Easy Ways to Get Organized in the New Year

Lia Picard
·3-min read
Closet Organization
Closet Organization

Laurey W. Glenn

If the idea of “organizing” makes you cringe, you’re not alone. Instagram accounts like The Home Edit might make it seem like we should live in a color-sorted wonderland with not one ounce of clutter, but that’s unattainable. Stephanie Jacobs, an Atlanta-based professional home stager, says, “I would love my for my pantry to be Instagrammable or Pinterest-perfect every day of my life, but every time I try somebody goes in and messes it up. So I feel like there's a lot of things that can still look pretty, but be functional and stay organized as well.”

As a busy parent often working with other busy parents, she understands that it’s important to have realistic expectations when it comes to home organization. Want to get organized in 2021? Jacobs shared some tips to help us achieve beautiful yet functional spaces.

Do it in small doses.

Don’t try to reorganize your entire home in one day. Jacobs suggests picking one section of the house and focusing on that. “Something that works for me is coming back to it every few months and reorganizing and purging,” says Jacobs. For example, she’ll go through her kids’ crafts area and sift through broken crayons, full coloring books, and dried-out markers and toss them.

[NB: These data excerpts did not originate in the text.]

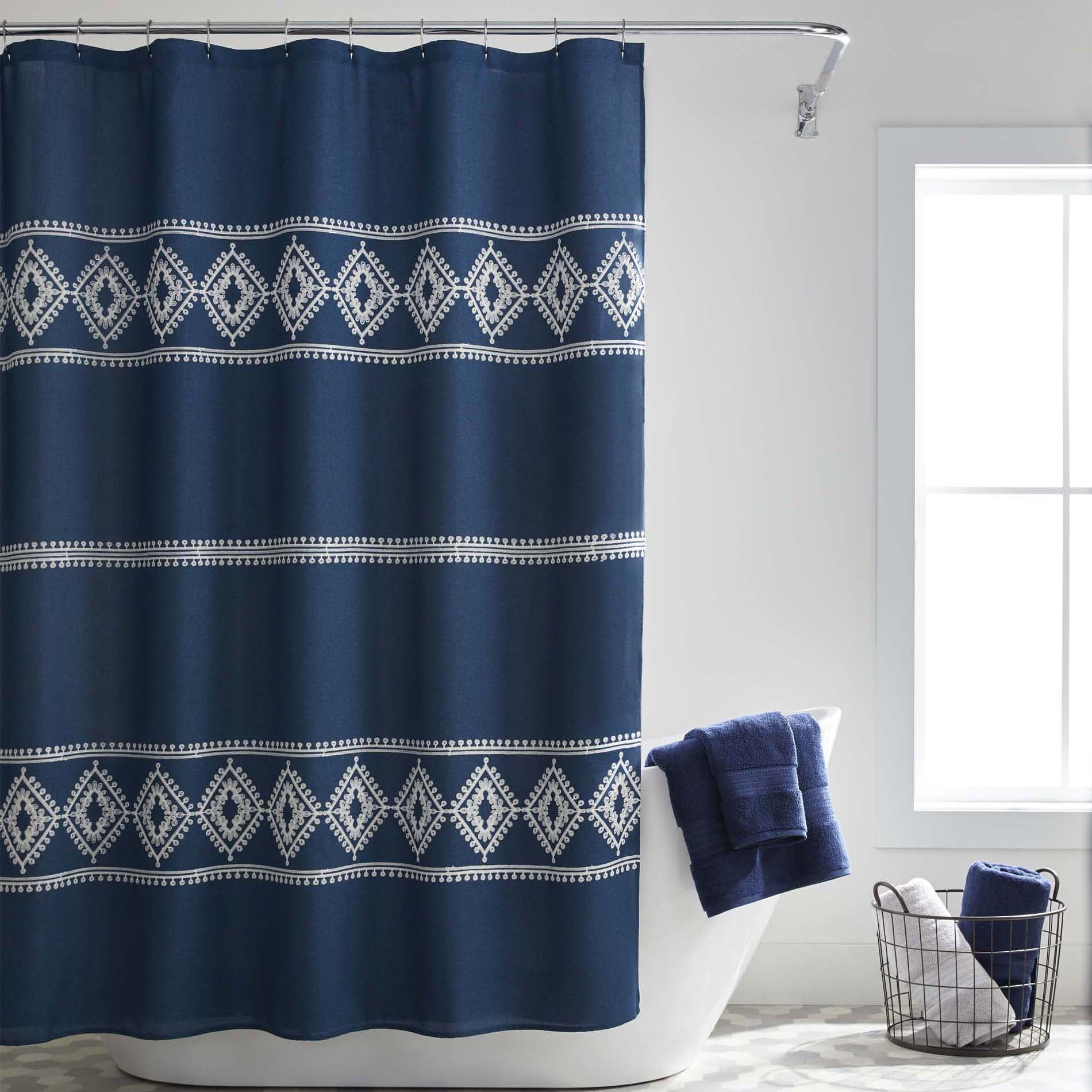 Better Homes & Gardens Embroidered Diamond Polyester Shower Curtain, 72′ x 72′, Navy
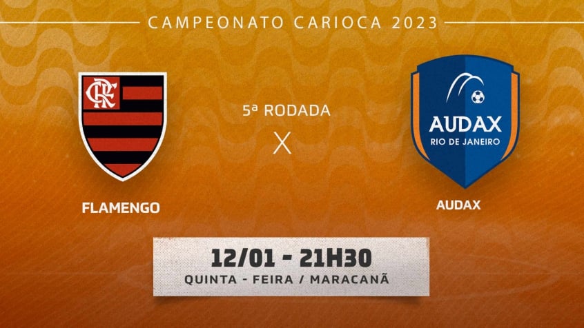 Em partida adiantada da quinta rodada da Taça Guanabara, Flamengo e Audax abrem o Campeonato Carioca de 2023 nesta quinta-feira. A bola vai rolar no Maracanã, a partir das 21h30, na quinta-feira. O jogo terá transmissão em Tempo Real do LANCE! e com imagens da Band.
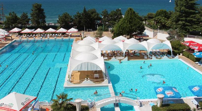 Бассейны в Сочи в основном находятся при санаториях и отелях, и они есть почти во всех крупных: в «Октябрьском», в «Светлане», в «Родине», в «Беларуси». Пользоваться ими можно не только проживающим, почти везде пропускают всех по разовому или даже месячному абонементу. Привычных нам, например, общественных бассейнов мы тут не встретили.
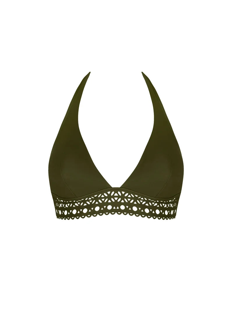 This unpadded triangle bikini top in Avocat offers a natural silhouette with minimal structure. Designed for comfort and ease, it highlights the couture fabric while allowing effortless movement and sun exposure.
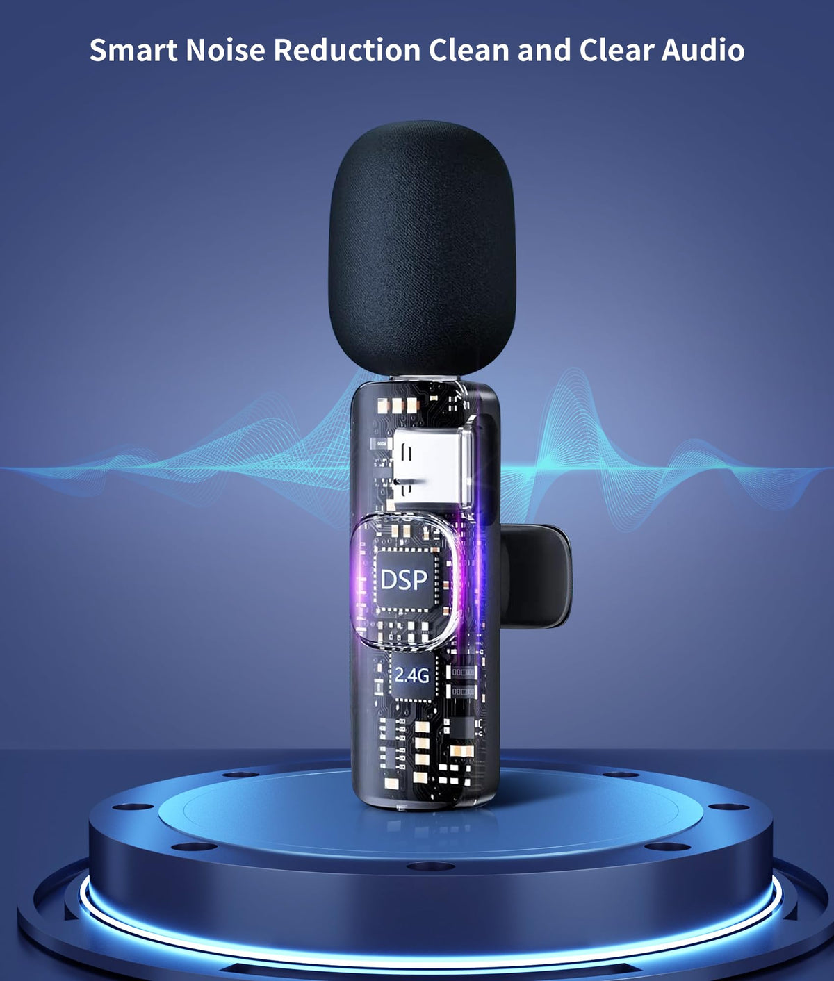 Jounivo 2 Pack Wireless Lavalier Microphone For Iphone, Mini Mic With Noise Cancellation For Interview Video Podcast Vlog Youtub
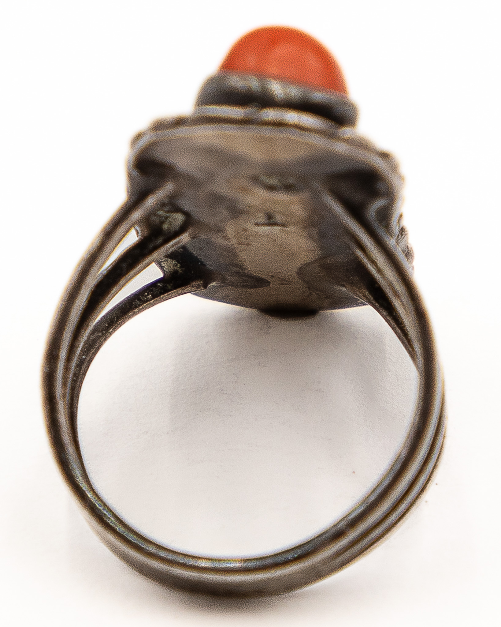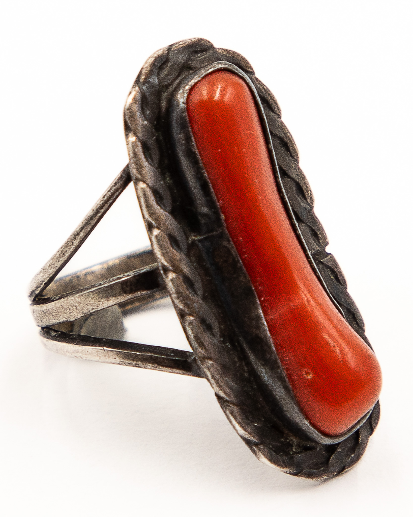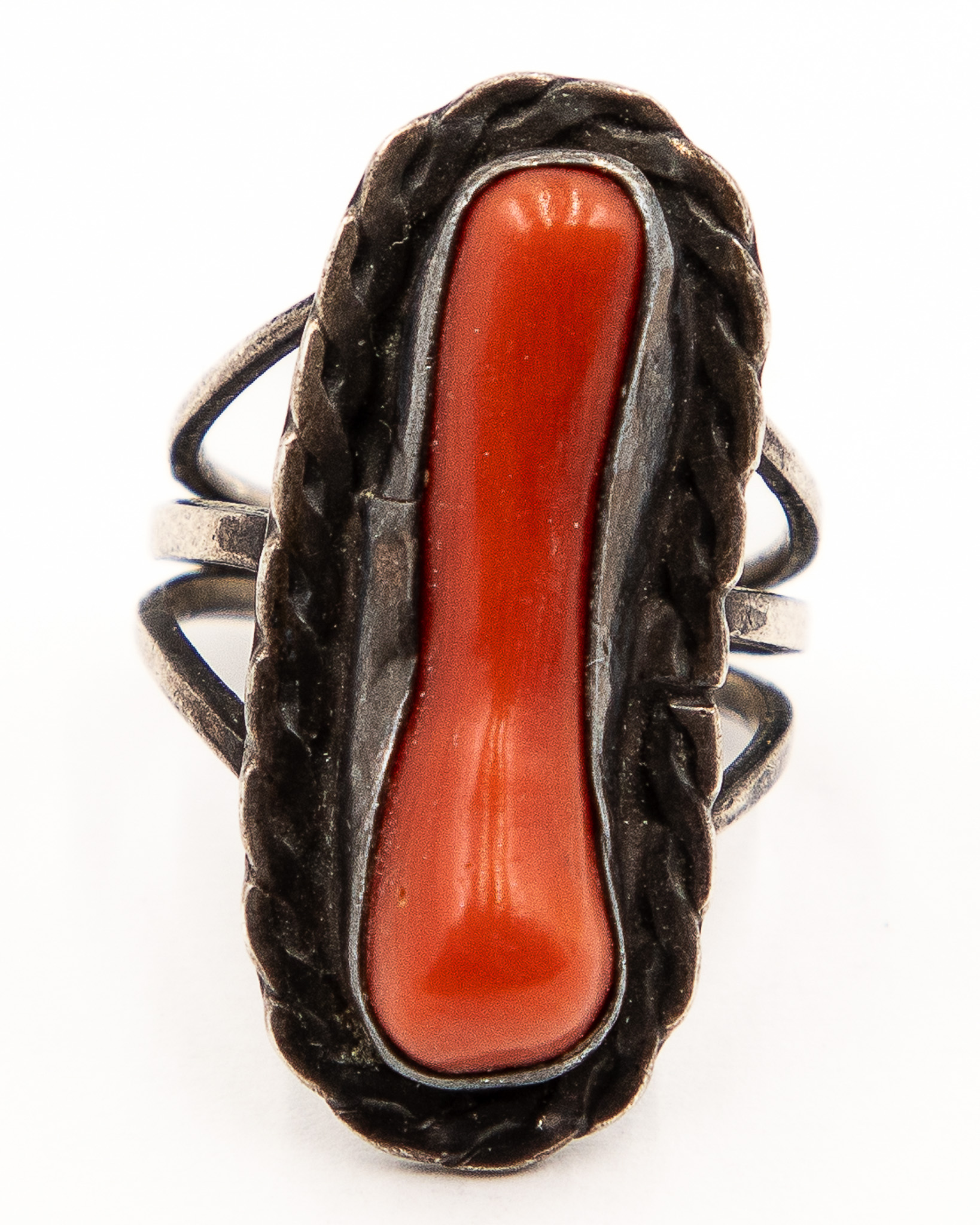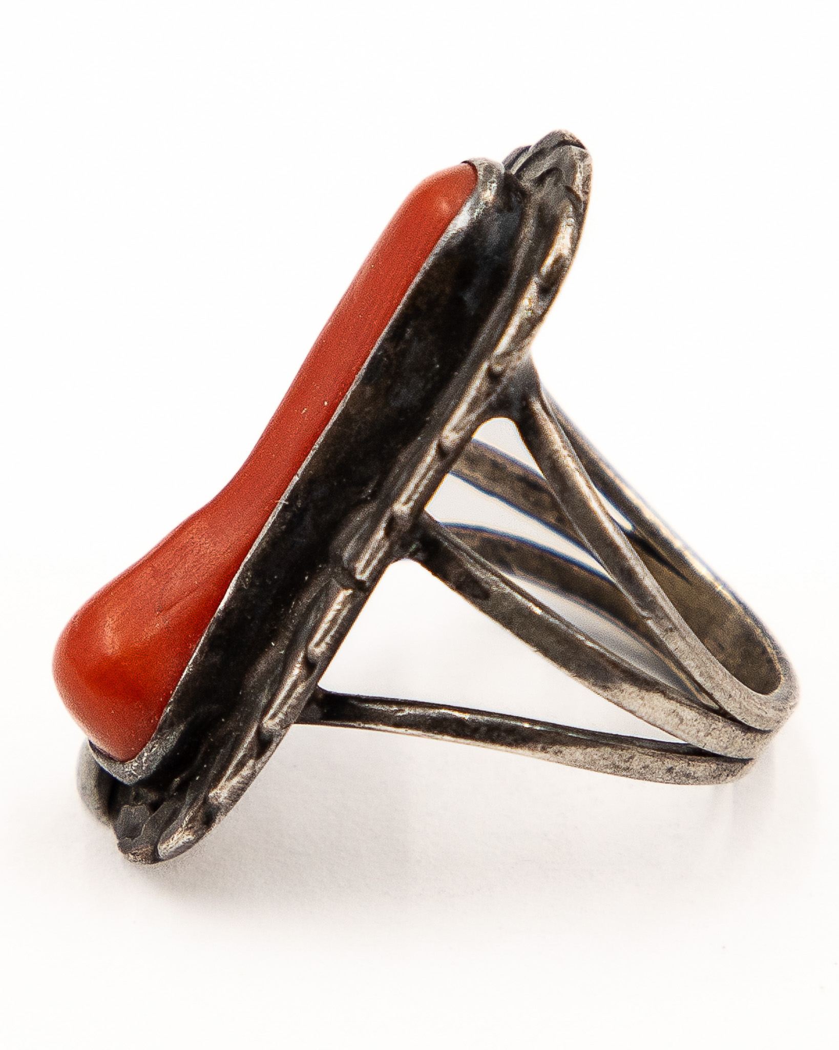 Signed M/T Mediterranean Coral Sterling Ring Sz. 4.5, 4g

Labels and bins are your friend.

Jacobs loves to use bins in closets and laundry rooms to keep similar items together. “I would love to use a label maker, but I use Post-it label tape or full stick notes. So you just write it on the label tape, tear it off and stick it on,” she says. Put a basket on the shelf above your washing machine and fill it with detergent and other cleaning items. In the bathroom, use a bin to store hair accessories. Several retailers sell affordable bins and baskets including Target and Amazon.

If it’s been a while, say goodbye.

When it comes to clothes in your closet, Jacobs abides by the rule of, “if you haven’t worn it in a year, toss (or donate) it.” This rule is a little harder to apply in the era of Covid-19, but be honest: would you really have worn that dress this year? If not, then it’s so long. Similarly, you could apply this rule to other clutter on your counters in your cabinet. All those nail polish bottles that you haven’t opened in a couple of years? Bye.

Use your space meaningfully.

Many of us have homes that weren’t necessarily built with today’s functions in mind. Think about how you can reconfigure a space to make it more useful for you. For example, Jacobs has been turning clients’ shallow coat closets into study stations or mudrooms. “People are finding that this version is much more accommodating for hiding and storing things. And this is another place where you can put outlets in for charging stations and also have a clean and dirty mask station in there,” she says.